Moreover, in a landscape where AI can generate reports in seconds, human journalism must lean into real-time updates, original analysis, and authentic voice. The tools are changing, but the hunger for truth, context, and storytelling remains.
To stay fresh and relevant, collaboration will be essential. Partnering with influencers, thought leaders, and AI developers will help media reinvent itself as both a curator and a creator of cutting-edge narratives.
Equally critical is audience engagement. Journalism can no longer afford to be a monologue. Comment sections, community discussions, reader-submitted stories, and feedback loops are the new newsroom.
Above all, the future of media will require adaptability. The headlines will change. The platforms will change. The algorithms will change. But those willing to experiment with formats, rethink business models, and invest in innovative storytelling—like immersive XR experiences or AI-assisted documentaries—will not just survive. They’ll lead.
An AI-Robotics Reality
As GPT-4 hands the baton to newer, more powerful models, we’re seeing a convergence that could rewrite everything from logistics to healthcare: AI meets robotics meets immersive reality. That synergy promises not just automation, but embodiment—machines that understand your world, your environment, your emotions, and can respond in kind.
This is not science fiction. Warehouse bots now navigate using LLM-powered logic. VR meetings are increasingly indistinguishable from physical presence.

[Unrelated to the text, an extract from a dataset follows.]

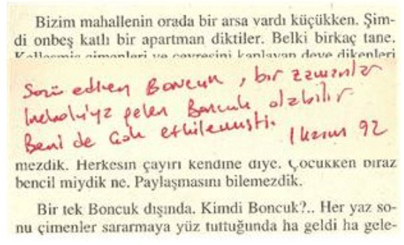 1992 yılında bir kitapta okuduğum yazı Boncuk’u anımsattı. “Cam üzerinde cambazlar” başlıklı yazının olduğu sayfaya kırmızı kalemle bir not düşmüşüm: “Sözü edilen Boncuk, bir zamanlar İnebolu’ya gelen Boncuk olabilir. Beni çok etkilemişti.. 1 Kasım 92”
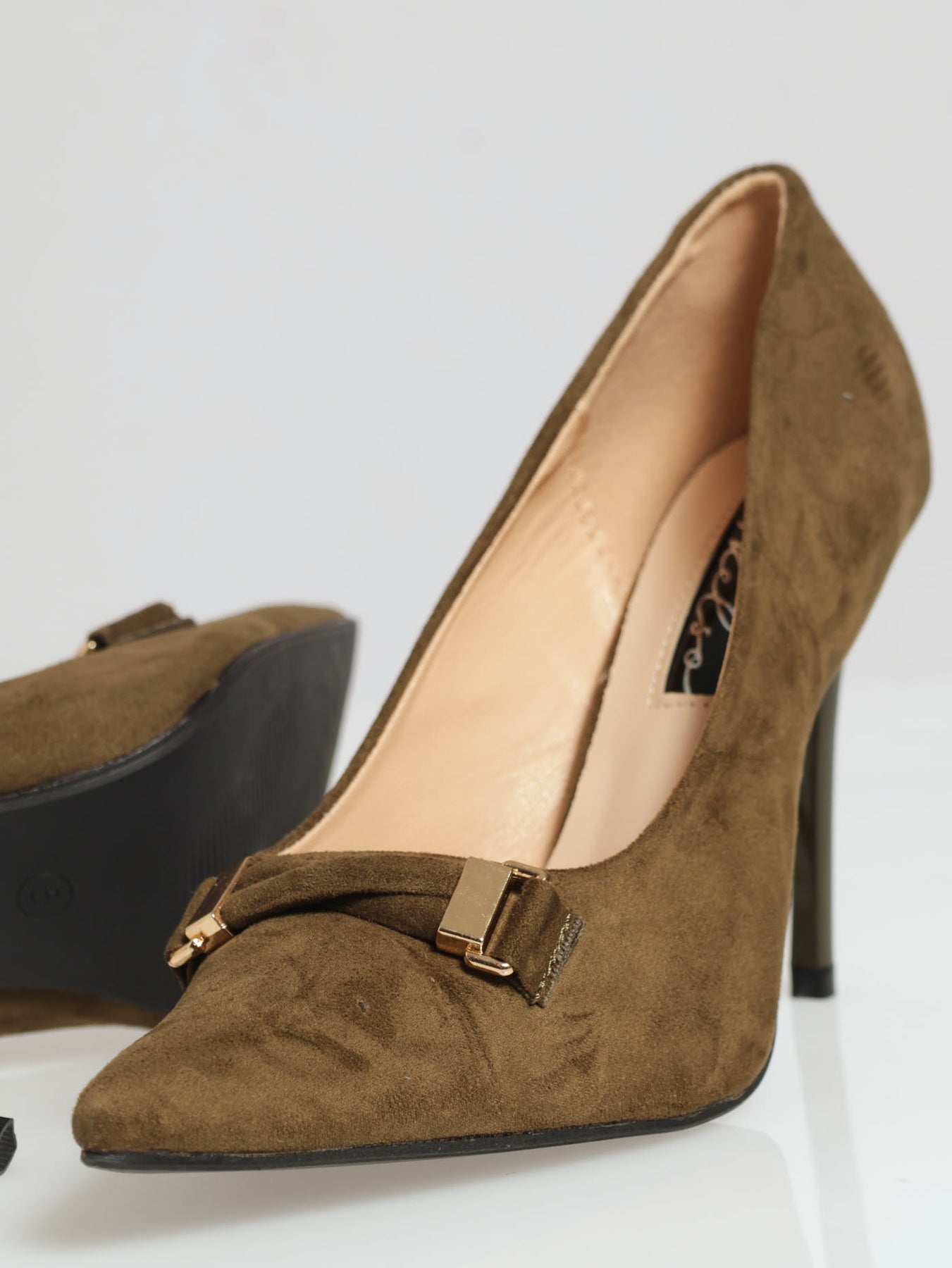Microfibre Twisted Strap Trim Stilletto Court Heel - Olive

And with generative AI taking over repetitive and predictive tasks, human creativity is being repositioned—not replaced.
For Nigeria and other emerging markets, this shift opens doors to leapfrog traditional development pathways. Imagine virtual classrooms taught by AI avatars in local dialects. Or small businesses using intelligent bots to scale globally. The infrastructure may still lag, but the ambition is boundless.
Governance Lagging Behind
But there’s a catch. Innovation is sprinting. Regulation is crawling.
While conversations about AI ethics, bias, and misuse are gaining traction, the real bottleneck is jurisdiction. As one analyst observed, “America is such a vast country with different states having unstructured regulations—unlike Europe’s GDPR model.” There’s no clear global consensus on how to govern AI models, especially when they cross borders, cultures, and legal systems.
Managing cross-border AI collaboration—especially in regions with weak or fragmented regulatory systems—will be one of the defining challenges of this decade. For countries like Nigeria, this could be an opportunity to shape localized policy that balances innovation with accountability, perhaps even leading the way for other nations navigating similar terrain.
Farewell, But Not Forgotten
So yes, goodbye, GPT-4. You kicked off a revolution.
Your weights will sit silently on a special hard drive—like the Apollo guidance computer or the first iPhone—reminders of a pivotal chapter in human-machine co-evolution. For the AI historians of the future, those digital fingerprints will tell a story of acceleration, disruption, and rediscovery.
But we’re not slowing down.
As we look ahead, the lesson GPT-4 leaves us with is not about language or models or even intelligence. It’s about momentum. The future won’t wait. The next chapter is already being written—by new models, yes, but also by us: the humans who adapt, question, reimagine, and dare.
For media, for Nigeria, and for the world: the revolution continues.